Thank you for your interest in the scripts!

  1. The file gtdb_ver95_alllca_taxid.csv.tar.gz is self written. But you can find that GTDB team has generated a code to create a similar (and even better) version of the same file. You can find it here-https://github.com/shenwei356/gtdb-taxdump
  2. The gtf files were generated from PROKKA. You found the right code snippet to convert.
  3. The file all-samples-prokTPM.txt was generated from the SALMON software
    I ran the SALMON software on all files and concatenated them together to generate this file.

Good luck with your analysis!
Let me know if you have any other doubts!

@bheimbu
Copy link
Author

bheimbu commented Sep 4, 2023

Hi @Jigyasa3 ,

thanks for getting back to me. I'll see how far I can go. Actually I'm trying to implement your pipeline in a Snakenake workflow to make it more reproducible. So I may have some upcoming questions in the future -- just to let you know.

Cheers Bastian

@bheimbu
Copy link
Author

bheimbu commented Sep 5, 2023

Hi @Jigyasa3,

could you please clarify on:

The file gtdb_ver95_alllca_taxid.csv.tar.gz is self written. But you can find that GTDB team has generated a code to create a similar (and even better) version of the same file. You can find it here-https://github.com/shenwei356/gtdb-taxdump

I cannot find the mentioned code on the webpage?

Cheers Bastian

@Jigyasa3
Copy link
Collaborator

Jigyasa3 commented Sep 5, 2023

Hi @bheimbu ,

The file gtdb_ver95_alllca_taxid.csv.tar.gz essentially creates a taxdump file for a specific version of GTDB. The GitHub page I linked allows you to create a taxdump file for any version of GTDB database. I haven't used it yet. I found it recently and was interested that the GTDB team has streamlined the process of using the database for DIAMOND/BLAST analysis.

They give details of the method in their README file. I recommend asking them directly as I haven't used it myself.

@bheimbu
Copy link
Author

bheimbu commented Sep 6, 2023

Hi @Jigyasa3,

I'm really sorry to bother you, but when I use the code on https://github.com/shenwei356/gtdb-taxdump, I get following files: delnodes.dmp, merged.dmp, names.dmp, nodes.dmp, and taxid.map. None of these files comes close to your gtdb_ver95_alllca_taxid.csv.tar.gz.

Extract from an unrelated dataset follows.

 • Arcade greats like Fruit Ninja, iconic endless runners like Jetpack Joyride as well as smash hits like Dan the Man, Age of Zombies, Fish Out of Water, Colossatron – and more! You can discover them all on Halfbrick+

Is there a script or some line of code that you could share with me?

Cheers Bastian

@Jigyasa3
Copy link
Collaborator

Jigyasa3 commented Sep 6, 2023

Hi @bheimbu ,

I did a Google search for you. Here are some suggestions.

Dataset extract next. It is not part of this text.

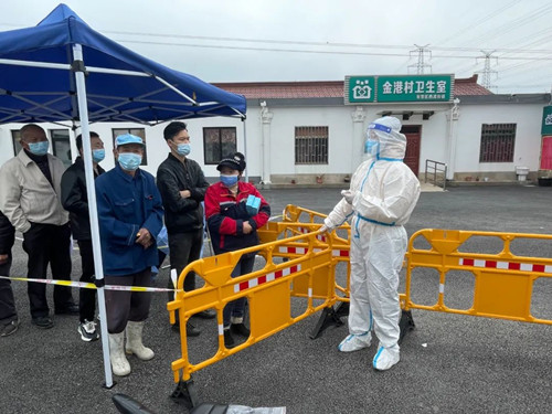 “一二三……十,大家10人一組依次進入采樣區,不要著急,保持好間隔! 在“守關人”孫愷峰的維持下,核酸檢測現場秩序井然。有時,個別村民因為排隊問題語氣有點沖,孫愷峰也會用春風化雨的方式,耐心地和對方溝通。孫愷峰說,自己在益民村這幾天也學到了不少!皽贤ú粌H要耐心,還要講方式方法。比如用一些親切的稱呼拉近關系,溝通起來就容易多了!

  1. To incorporate the taxdump files from GTDB into DIAMOND- check this link https://www.biostars.org/p/412823/
    and DIAMOND manual https://gensoft.pasteur.fr/docs/diamond/2.0.4/3_Command_line_options.html
  2. The GTDB equivalent of the files required to input into DIAMOND-https://github.com/shenwei356/gtdb-taxdump/issues/6

@bheimbu
Copy link
Author

bheimbu commented Sep 7, 2023

Hi,

thanks for all your help again. Besides that the links do not work, I'm wondering why u cannot tell me how you have created gtdb_ver95_alllca_taxid.csv.tar.gz, since you say

The file gtdb_ver95_alllca_taxid.csv.tar.gz is self written.

Anyway, if you don't want to share this information with me, I have to respect that.

I would have some more questions related to your pipeline:

  1. Prokka outputs *fna and *faa files, but they don't have the same fasta headers, right? So once you use fetchMGs to extract COGs using the Prokka files (*faa and *fna) as input, you only get COG protein sequences, but no protein-coding nucleotide sequences (see this related post). So I did you do it?

  2. Anyway, I'm a bit confused because these files

while read line;do while read cogs;do cp ${line}/${cogs}*fna allfetchm_nucoutput/${line}-${cogs}.fna;done < allcogs.txt ;done <filesnames.txt

don't appear again somewhere in your pipeline, so are they really important anyway?

I'm really sorry to bother you with all these questions, but I just want to get things right.

Cheers Bastian

@Jigyasa3
Copy link
Collaborator

Jigyasa3 commented Sep 7, 2023

Hey @bheimbu ,

  1. Sorry, the only reason I am redirecting you to other resources for creating the gtdb_ver95_alllca_taxid.csv.tar.gz file is that I have already left the university and I no longer have access to my university's cluster to check old scripts. From what I remember I joined the metadata file from GTDB and taxdump files to create gtdb_ver95_alllca_taxid.csv.tar.gz. It essentially adds a LCA taxonomy to each taxid. BTW, the links do work, you will have to copy and paste them. Somehow clicking on the link redirects you to the issues page of this repository.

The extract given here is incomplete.